The treaty has three fundamental provisions.
Firstly it transfers sovereignty and government over New Zealand to the Queen of England (the Crown) “for ever”.
Secondly the Queen commits herself to the protection of all the people of New Zealand, including protection of property rights in relation to their lands, villages, and all other treasures.
Thirdly it provides that all of the people of New Zealand will enjoy the same rights and duties of citizenship as the people of England.
Both parties to the Treaty, that is the Crown and Maori, have a solemn legal and moral duty to uphold its terms. That reality should be beyond question and beyond argument. It is simply a matter of allowing our “yes” to mean “yes” and our “no” to mean “no”.
Our focus as a nation should be to uphold the terms of the Treaty. It is abundantly clear that on numerous occasions the government of New Zealand, acting as “agents” of the Crown, has breached the terms of the Treaty, particularly in relation to property and other rights properly belonging to Maori. Equally government attempted to suppress Maori language and culture.
Since the early 1980s we have collectively been putting right those breaches through settlements involving full and unqualified apologies and compensation and Maori language and culture has been both officially recognised and encouraged. To the best of my knowledge Maori on the other hand have never breached the terms of the Treaty (although they would be doing exactly that were they to attempt now to argue that they did not transfer sovereignty over New Zealand to the Crown!)

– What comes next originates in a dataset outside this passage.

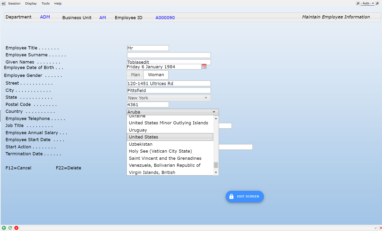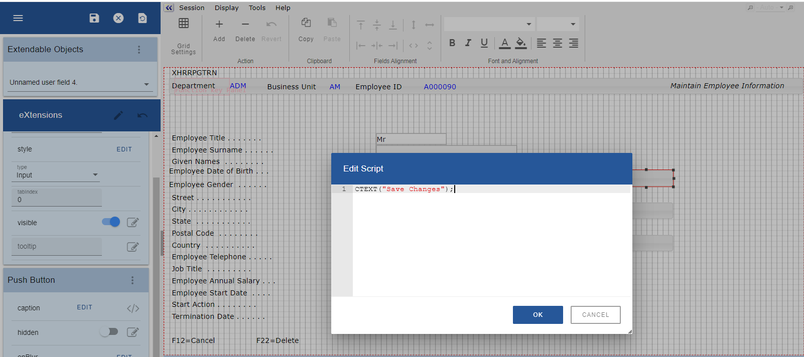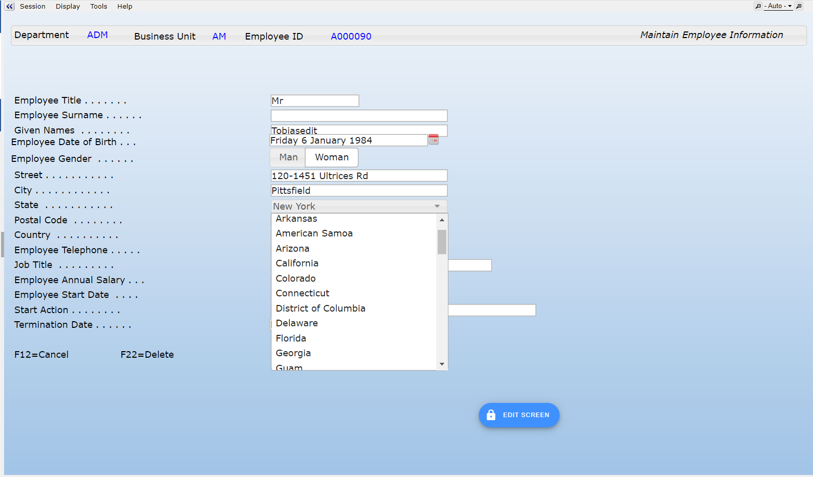 The F12=Cancel and F22=Delete text at the bottom of the 5250 screen is screen text, just like the text "Employee Title". There is nothing special at all about this text. Its presence or absence in no way influences what function keys are actually enabled by the screen.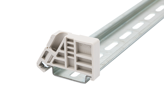 Концевой стопор - ограничитель SS11 на Дин рейку 35 мм. Дополнительная фиксация винтом. Размеры: 45,5х30,7(31,5)х8,0 мм

I find it useful to evaluate Don Brash’s recent speech against this background. I agree with him that we should settle these historical grievances once and for all and as quickly as possible. Until that task is completed we cannot with any degree of integrity move forward as a nation.
I also agree with him that both parties are adhering to the terms of the Treaty when they insist on the same rights and duties of citizenship for all the people of New Zealand.
I disagree however with his commitment to revoke any customary titles issued to Maori under the Government’s foreshore and seabed proposals because, simply stated, that would be a breach of both the Treaty and common law private property rights.
I also disagree with Don Brash’s commitment to the unilateral abolition of the Maori electorates. The plain fact is that Maori have been given the option of separate electorate seats for many years. Therefore their unilateral abolition by a majority non-Maori representation in the NZ Parliament is not only contrary to commonsense but an extremely insensitive, provocative and highhanded way of going about things.
Lastly let me say that I agree with Don Brash that reference to “the principles of the Treaty” of Waitangi in so much of our legislation, is unhelpful. The Treaty is equivalent to any other form of contract between two parties. I think it would come as an enormous surprise to New Zealanders to discover that, say a contract in relation to their home, was to be interpreted according to “the principles of the contract”. As with such simple everyday contracts the Treaty itself should, in my view, be interpreted according to its terms.
The reference to “principles” introduces an unnecessary ambiguity and uncertainty which we could all do without.
These comments are based on the English translation of the Maori text of the Treaty as interpreted by Professor Sir Hugh Kawharu. This translation has been accepted by the Court of Appeal, the Crown and the NZ Maori Council. It is also given precedence over the English version in international law.